Hewitt Field, Near Wilson, Okla, 1921
The well, the Texas Company's Number One A. E. Denny, was completed in an oil sand at a depth of 2,084 feet for an initial flow of 410 barrels per day. A period of rapid development caused the field to reach its peak annual production of more than thirteen million barrels from 605 wells in 1921. By 1927 the field had expanded to an area covering 3,050 acres, in which slightly more than eight hundred wells had produced more than sixty million barrels of oil, a rate averaging 19,786 barrels per acre. This was a respectable record but not nearly as impressive as that of the neighboring Healdton Field. In the Hewitt Field, most petroleum comes from a number of producing horizons at depths ranging from twenty-one hundred to thirty-one hundred feet.
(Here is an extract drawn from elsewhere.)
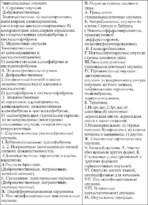 Âсовременной классификации представлено такое разнообразие опухолей яичников по гистотипам, которое не встречается ни в каком другом органе: эпителиальные опухоли, опухоли стромы полового тяжа, липидноклеточные опухоли, герминогенные опухоли, гонадобластома, опухоли мягких тканей, неспецифичных для яичников, неклассифицированные опухоли, вторичные (метастатические) опухоли и опухолевидные процессы.
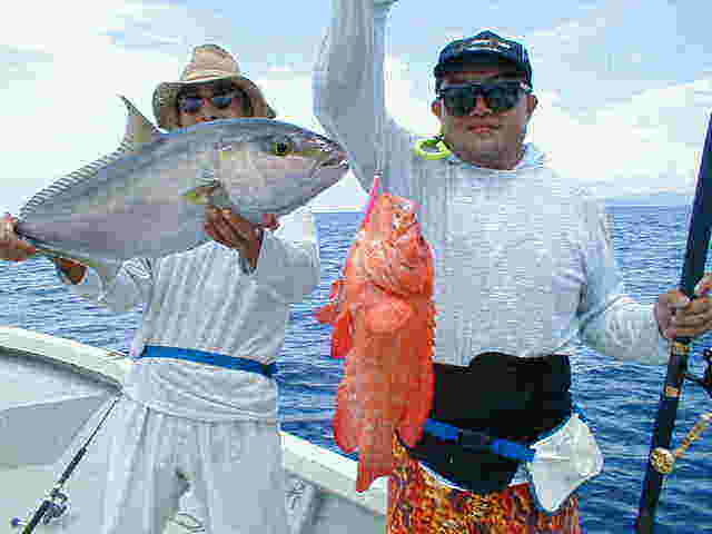 ダイビングと釣りを楽しむ皆さん、リーフの小物釣りから始まり 最近はジギングも初め、どっぷり西表病に掛かっています。 今度はGTに初挑戦するそうです。 |

The primary structure, consisting of two large anticlinal domes connected by a saddle, was first identified as a possible source by William J. Millard in October 1916. The Hewitt claims the distinction of being the second-largest field in southern Oklahoma. Carter Oil Company's Number Thirty-three Noble began to flow in May 1924 at 12,800 barrels per day, one of the largest initial flows ever recorded in the state.


BIBLIOGRAPHY: Kenny A. Franks, The Oklahoma Petroleum Industry (Norman: University of Oklahoma Press, 1980). Bess Mills-Bullard, "Digest of Oklahoma Oil and Gas Fields," in Oil and Gas in Oklahoma, Oklahoma Geological Survey Bulletin 40, Vol. 1 (Norman: Oklahoma Geological Survey, 1928). Carl Coke Rister, Oil! Titan of the Southwest (Norman: University of Oklahoma Press, 1949).